TASK STATEMENT: From the line containing "A vibrant cityscape" to the line containing "原油方面、昨日晚盘回踩69附" in the records below, set down every line exactly as it stands, both ends included, and skip the pictures.

EXCERPTED RECORDS:
+++
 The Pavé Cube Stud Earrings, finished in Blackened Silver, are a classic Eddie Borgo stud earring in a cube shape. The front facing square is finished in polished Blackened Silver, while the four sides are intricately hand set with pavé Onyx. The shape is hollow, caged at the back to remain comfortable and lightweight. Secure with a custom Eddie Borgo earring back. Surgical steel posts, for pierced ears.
+++
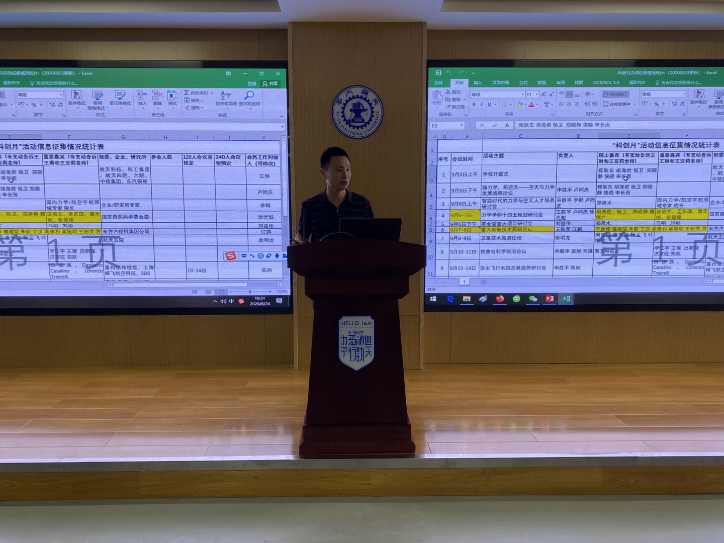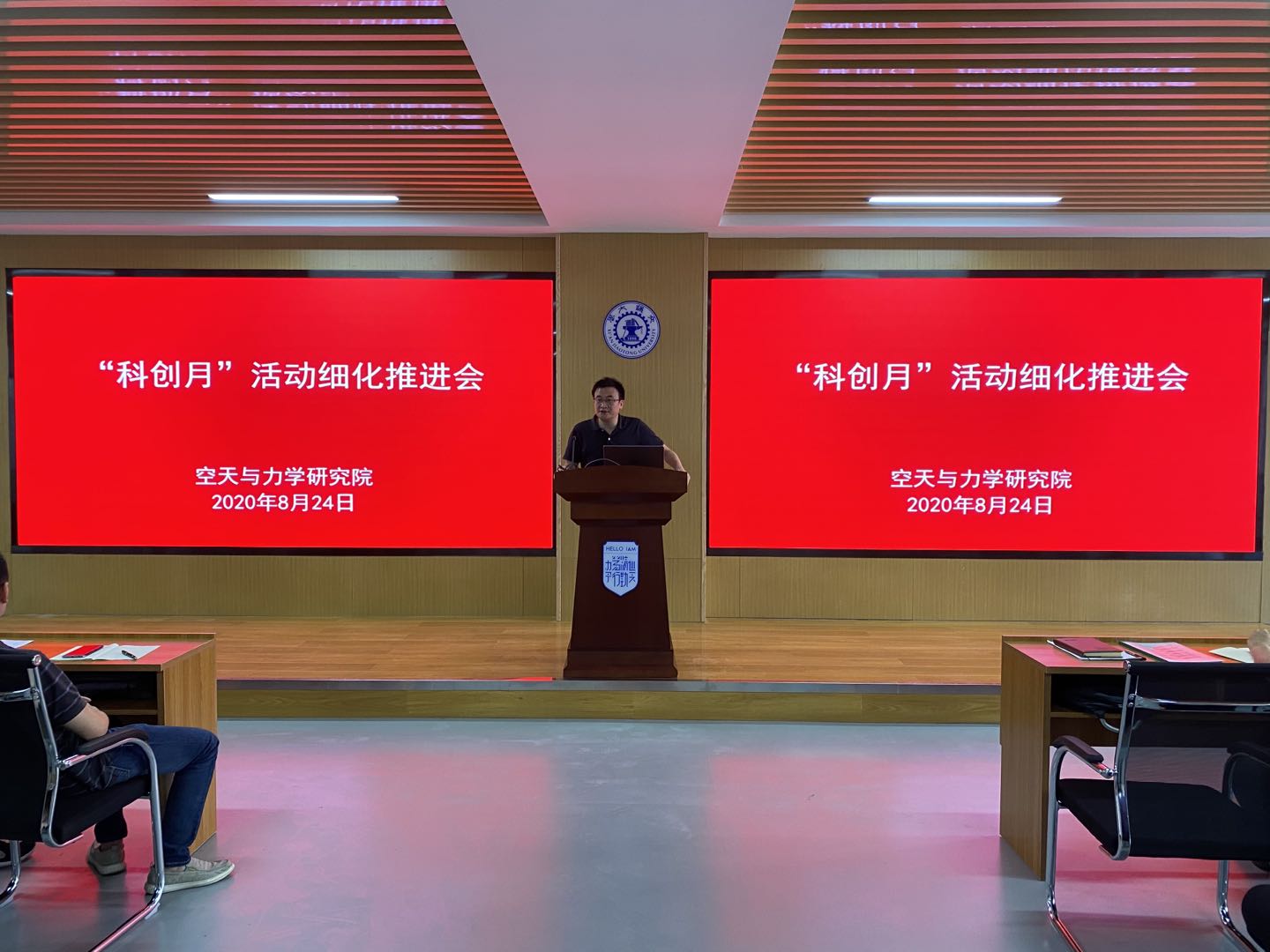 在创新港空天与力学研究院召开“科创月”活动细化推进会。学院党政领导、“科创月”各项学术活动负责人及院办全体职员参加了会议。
+++
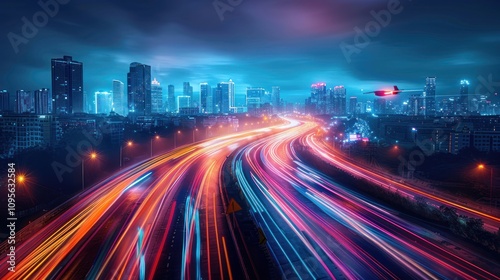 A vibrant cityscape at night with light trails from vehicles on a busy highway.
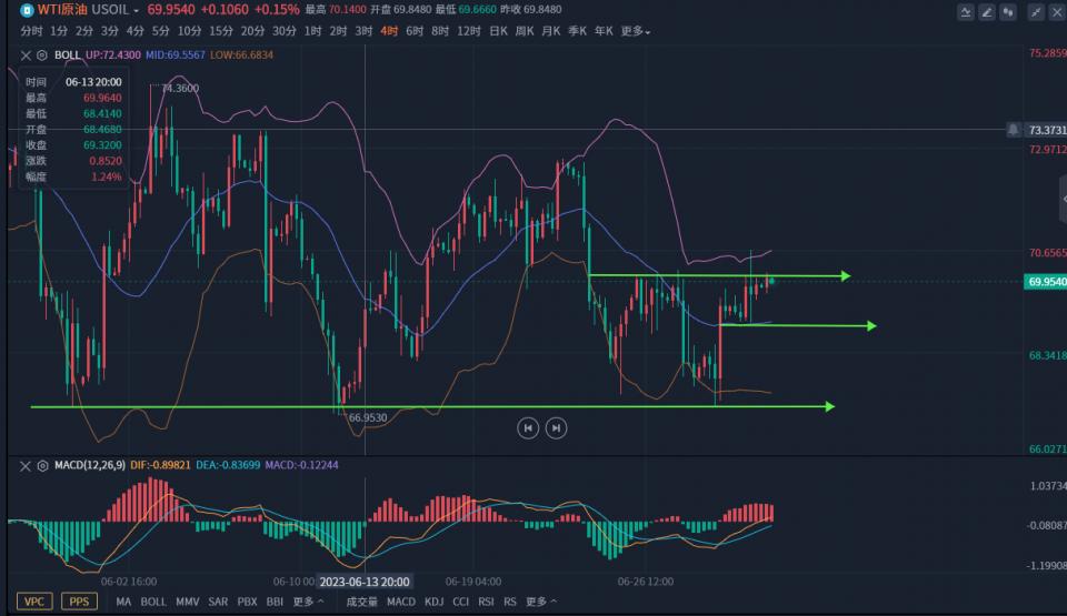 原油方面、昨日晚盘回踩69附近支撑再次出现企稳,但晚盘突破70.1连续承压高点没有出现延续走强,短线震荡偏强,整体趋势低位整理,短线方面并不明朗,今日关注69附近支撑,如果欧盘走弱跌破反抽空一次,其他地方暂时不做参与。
+++
SOLUTION TO THIS PROBLEM:
 A vibrant cityscape at night with light trails from vehicles on a busy highway.
 原油方面、昨日晚盘回踩69附近支撑再次出现企稳,但晚盘突破70.1连续承压高点没有出现延续走强,短线震荡偏强,整体趋势低位整理,短线方面并不明朗,今日关注69附近支撑,如果欧盘走弱跌破反抽空一次,其他地方暂时不做参与。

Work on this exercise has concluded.